Je n’en croyais pas mes yeux. Mon fils ajouta que cette machine avait été conçue grâce aux plans dessinés par sa mère et son frère. Tous deux étaient habitués à cette nature sauvage mais il leur manquait un appareil pour prélever facilement les échantillons les moins accessibles, les observer et les analyser sous toutes leurs coutures. Ma femme et le jumeau de mon fils étaient en effet d’inlassables chercheurs au service de la connaissance et leurs travaux étaient plébiscités par toute la communauté scientifique. Au-delà de leurs travaux de recherche fondamentale, certaines applications avaient pu être découvertes dans le domaine de la pharmacie notamment et avaient permis de soulager des malades pour qui la science n’avait pas encore trouvé de remède. Mon fils s’apprêtait à m’expliquer comment ils avaient trouvé par exemple un remède définitif à toutes les formes de dysfonctionnement neurologique lorsqu’il fut interrompu par un appel du chef de pont : « Capitaine, nos radars indiquent une présence inhabituelle au labo ! ».

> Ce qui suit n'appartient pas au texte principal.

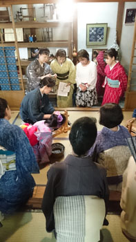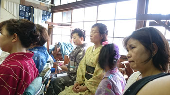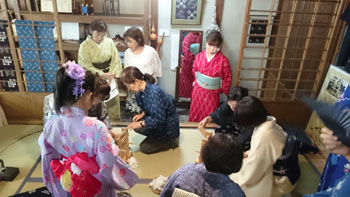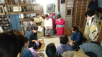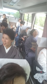 朝九時半に教室に集合して、バスに乗り込みました。 「うまく帯が結べてない!」とか、「着付け師さんチェックして~!」とかそれぞれが好きな事を云って集まってくる姿に、バスの運転手さんも笑っておられました。

Les écrans affichèrent les images observées à distance par les appareils équipés de capteurs à infrarouges et à rayons X. Mon fils confirma la présence de deux silhouettes imprévues à l’extérieur et une à l’intérieur du laboratoire. Il fit aussitôt stopper les machines et zooma au maximum avec le périscope. Malgré la distance on distinguait clairement deux types armés positionnés de chaque côté de la porte. L’image agrandie des radars permit en outre de constater que ma femme et mon fils étaient assis au milieu de la pièce et qu’une personne se tenait debout près d’eux. Le technicien de bord parvint à obtenir l’image de la caméra intérieure et nous pûmes observer la scène depuis un coin en hauteur. Ma femme et mon fils, ligotés sur leurs chaises et bâillonnés, semblaient abattus mais en bonne santé. Ils n’avaient sans doute pas opposé de résistance à leurs agresseurs, ou pas eu le choix. Face à eux, dos à la caméra, une silhouette féminine athlétique était vêtue comme pour une intervention d’un groupe d’élite et déambulait sans que l’on voie son visage. Sa chevelure brune et bouclée frôlait ses épaules et dissimulait même son profil. Mon fils bouillait mais gardait son calme. Il lui semblait connaitre cette femme mais il ne parvenait pas à se souvenir de qui il s’agissait.
Le sonar nous offrit enfin la possibilité d’écouter la conversation :
« - Je vous laisse encore deux heures pour bien réfléchir chers professeurs. A l’issue de ce délai, si vous ne me révélez pas le secret de votre dernière découverte, j’aurai le plaisir de mettre fin à votre carrière en vous offrant une petite poêlée de ce fameux champignon que vous avez débusqué l’année dernière dans les profondeurs extrêmes de la forêt ! » Puis elle lâcha un rire cruel et sortit sur la terrasse.
« - Ce rire et cette voix… je les connais », chuchota mon fils.
Il resta un moment plongé dans ses pensées puis la mémoire lui revint tout à fait. Cette folle était une ancienne collègue de ma femme qui avait toujours été jalouse de son succès d’après mon fils. Je lui demandais de quel champignon elle parlait.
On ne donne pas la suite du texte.